======== Record excerpts ========

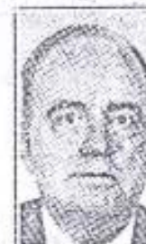
Robert LaFollette Among the dead
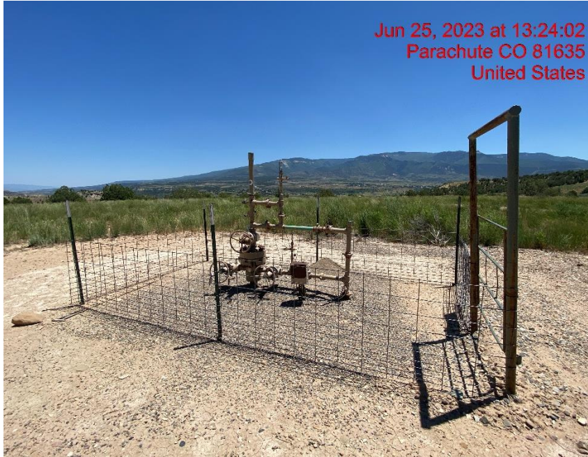
Wellhead – Photo #04829
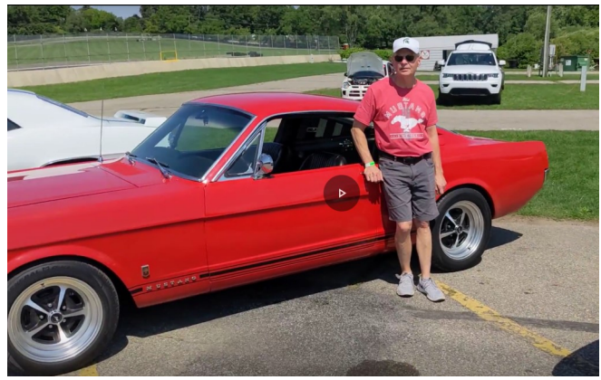
Dennis Rybicki's 1965 Mustang 2+2
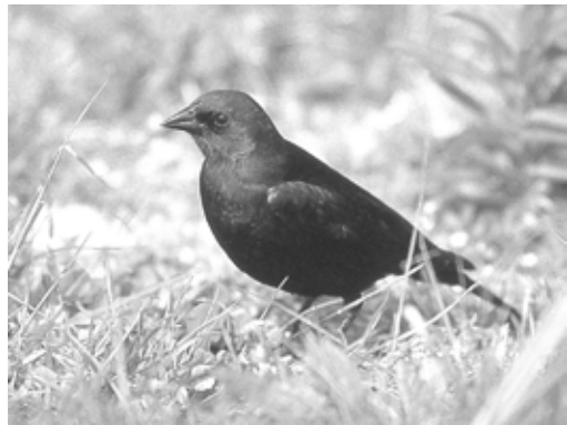
Figure 139. Brown-headed Cowbird breeds in the North Peace River region but is also a fairly common spring and autumn migrant.
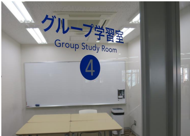
Group Study Room

You can make reservations for the “ Group Study Room ” and “ Private Research Room (only for graduate students and teachers)” in the main building.
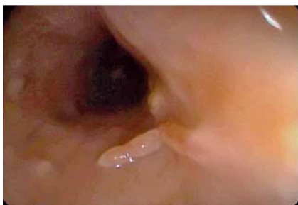
Fig. 2 Case of fibrovascular polyp of the esophagus with two polyps.
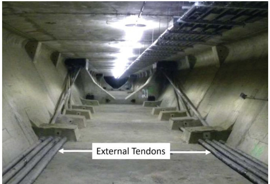
Figure 1. Typical external post-tensioning tendons in a box girder.

In the United States, interest in fully replaceable PT systems is a fairly recent trend, although
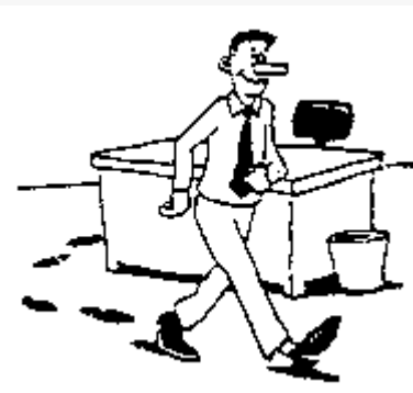
Take a few minutes to walk around the office
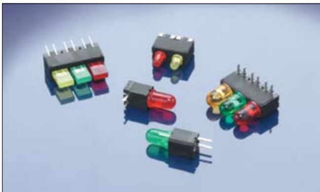
U.S. & Foreign Patents Issued and Pending
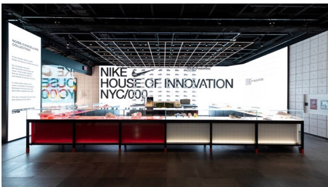
Figure 5. Personalized Nike House of Innovation store

The Nike store in New York collects and uses extensive information about customers who log into the app—from their favorite colors and sports to their shoe size. This customer engagement system then uses this data to provide a highly personalized and quality shopping experience. So, they log in when they enter the store, and the store changes according to their preferences. Nike uses this information to optimize inventory in individual stores, deciding which sneaker models should be available in specific locations. The app also allows customers to scan clothing in the store and immediately request that the desired item in their size be sent to the fitting room [14].
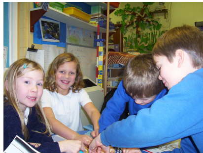
Sharing ideas, listening to each other, taking turns and working together.

Where children have good skills in these areas they will be motivated to, and equipped to:
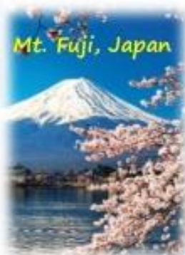
Mt. Fuji, Japan
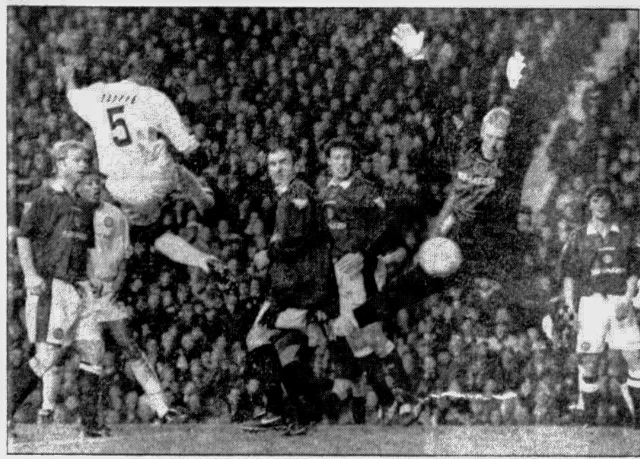
A goalmouth melee during an English Premier league match between Manchester United and Leeds United at Old Trafford on Dec 28. Manchester won 1-0.

Robson, a former England coach who took charge in the summer, has come in for increasing criticism from disgruntled fans with Barca third in the table after losing to Real Madrid three weeks ago, a defeat which left their bitter rivals four points clear of the Catalan giants.
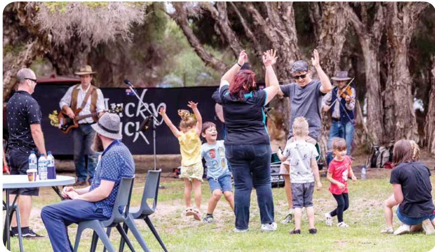
Families celebrate at the Neighbour Day event
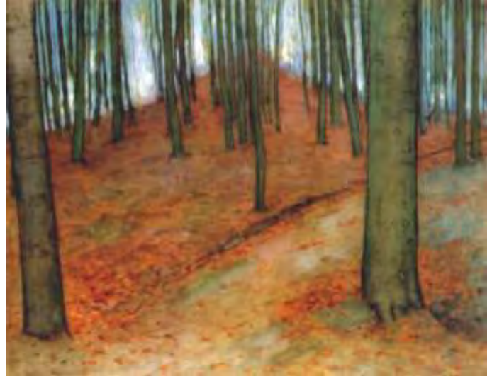
Figure 2: Piet Mondrian, Wood with Beech Trees , oil on canvas, 1889

directionality was already occurring: by comparison with Paul Cézanne's Chestnut Trees
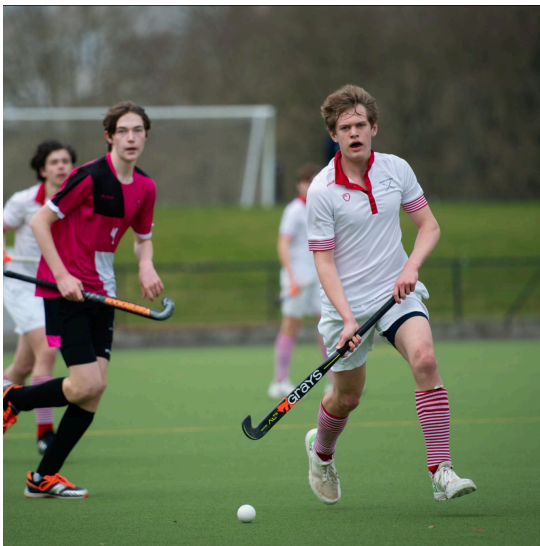
Sport - March 2024
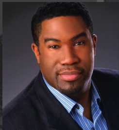
Eric Owens Mefistofele
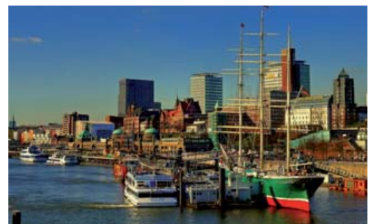
Harbour city Hamburg
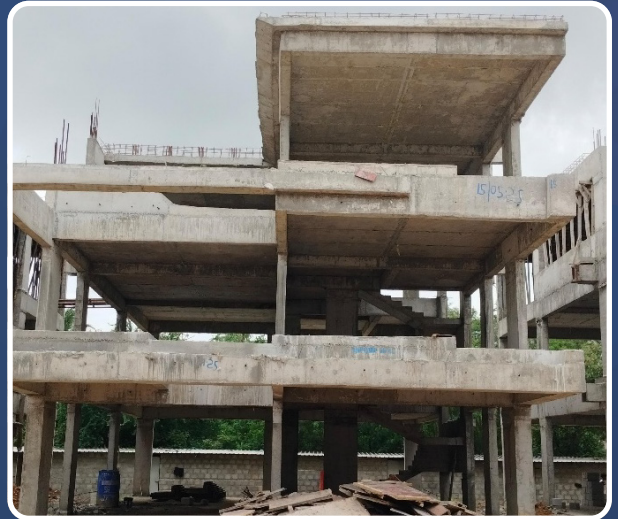
VILLA-189 (SF Slab Completed)
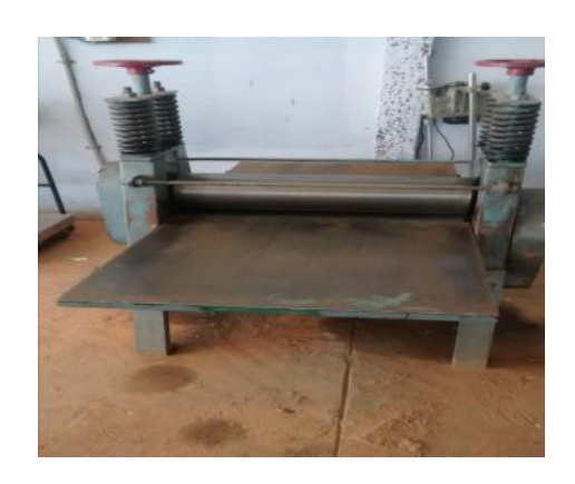
Fig 4: calendaring
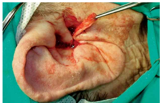
Fig. 4. Surgery – second stage: reconstruction of the external auditory canal.
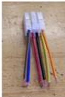
Connector 3 LINE OUTPUT CONVERTER CONNECTOR
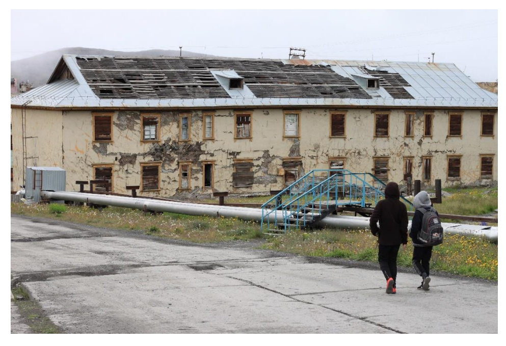
Kids walking around Tiksi.

After finishing with our daily meetings, we enjoyed going for a walk to discover new spots around the area. We climbed the well-known hill from where we had a unique view of the entire territory.
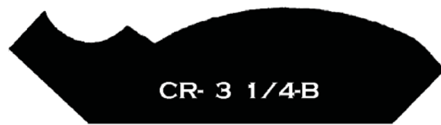
CR- 3 1/4B
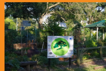
The garden flooded and growing again.
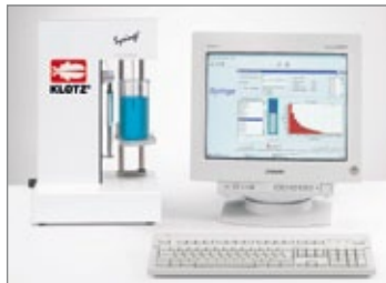
Evaluation software for Syringe®
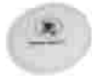
QUICK CUT PAD EQ2001
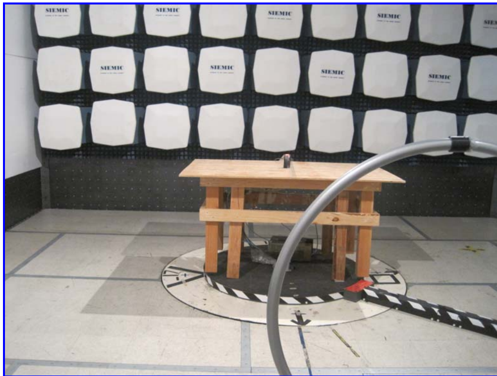
Radiated Emission (<30MHz) – Front View
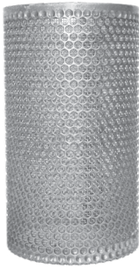
Cylindrical Screen, Style 'A'
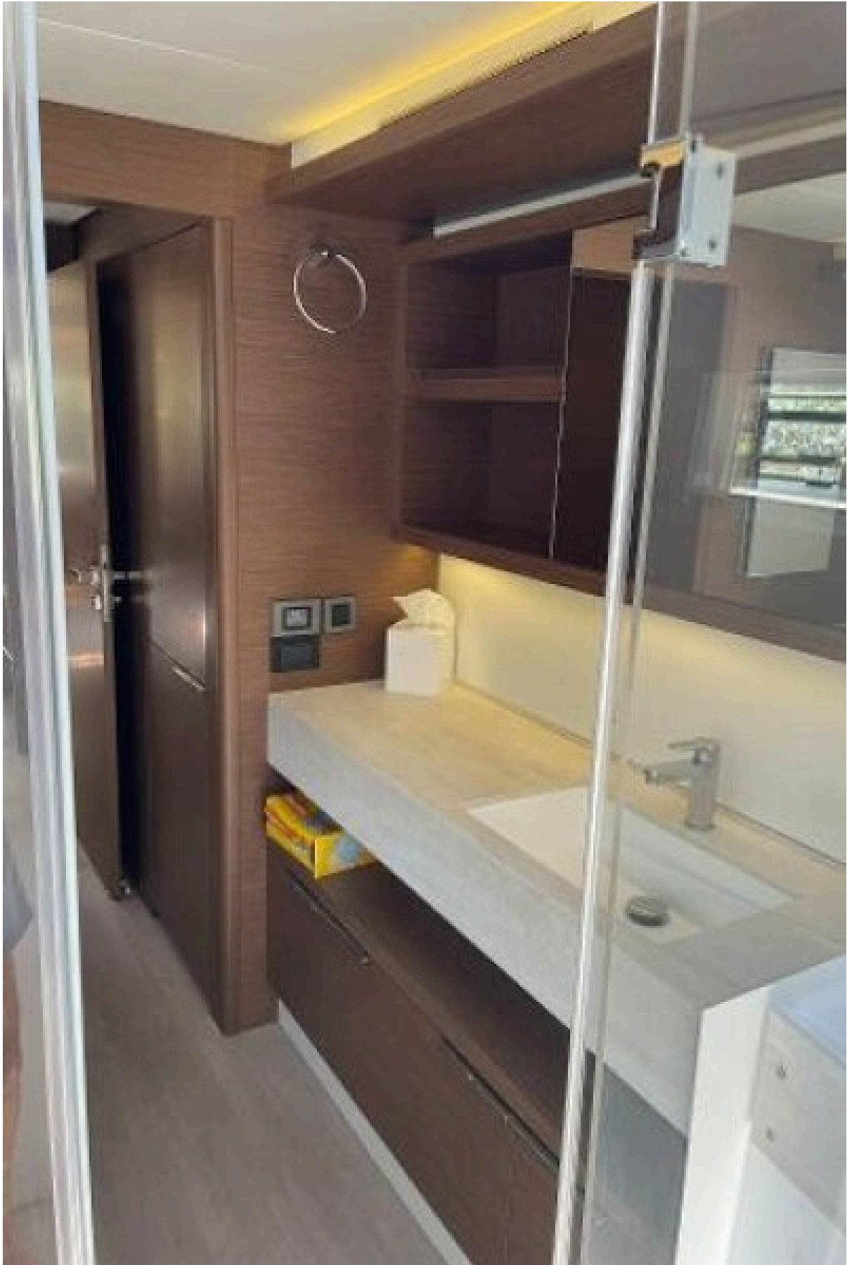
Used Sail Catamaran for sale 2019 Lagoon 50 - LIVE FREE
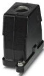
HEAVYCON B6 sleeve housing, HPR series, with screw locking, with M32 thread, straight outlet, for increased environmental and EMC requirements

Please be informed that the data shown in this PDF Document is generated from our Online Catalog. Please find the complete data in the user's documentation. Our General Terms of Use for Downloads are valid ( http://phoenixcontact.com/download )
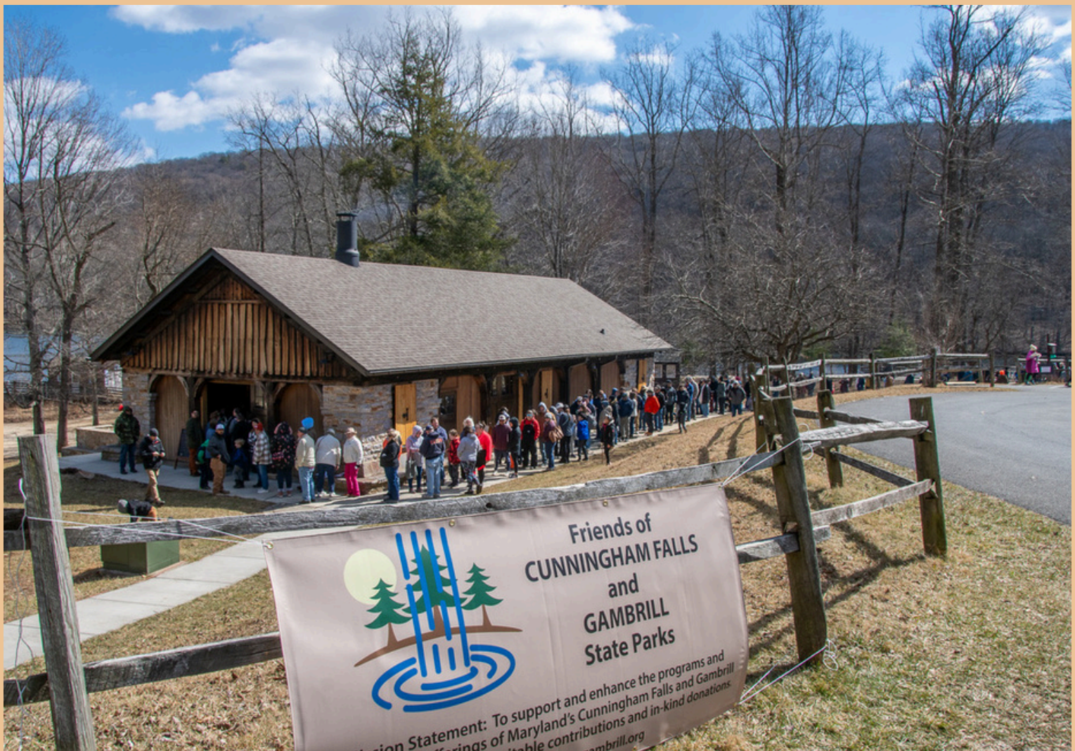
The Lakeside Grill where lots of pancakes were made.
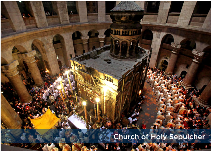
Church of Holy Sepulcher

and then walk down the hill to the Church of Saint Peter in Gallicantu where Peter denied Jesus. It was also the location of the palace of High Priest Caiaphas, where the Jewish trial of Jesus took place and where he was condemned to crucifixion (John 18:12-14, Matthew 26:57-58). We then walk down the hill by the City of David (2 Samuel 5:6-7) and enter the Old City to the Western Wall and the Temple Mount . We will also see the excavated Huldah Gates , the primary entrance into the Temple during the time of Jesus. Dinner and overnight at the Grand Court Hotel.
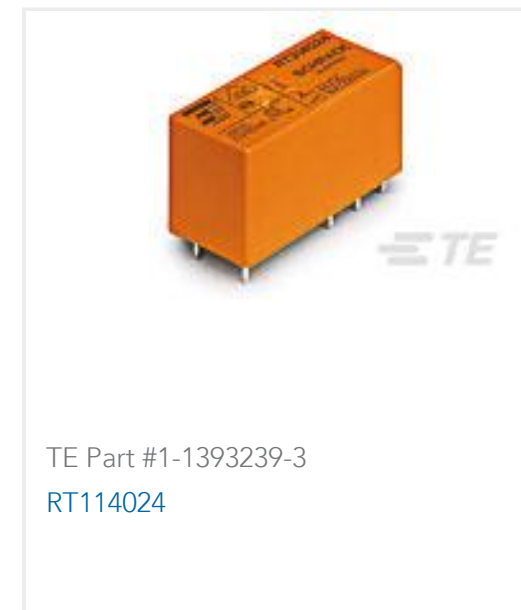
TE Part #1-1393239-3 RT114024
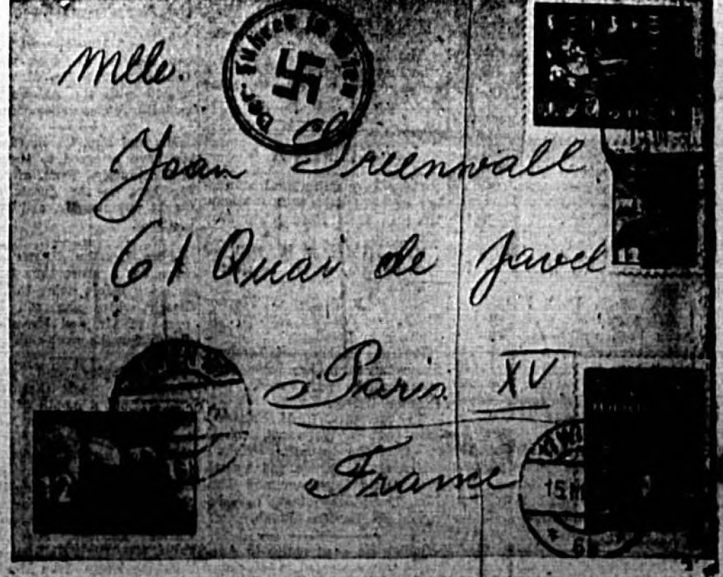
PHILATELISTS' PRIZE. this cover bearing special cancel commemorating Adolf Hitler's historic visit to Vienna, Austria, March 12 was received in Paris. Above the swastika are the words "The Landing in Vienna." The cover carried four Austrian stamps.

========

_Assigned task_:
In the records above, how many lines contain the word "Trees"? Say only the number.

_Response to this task_:
2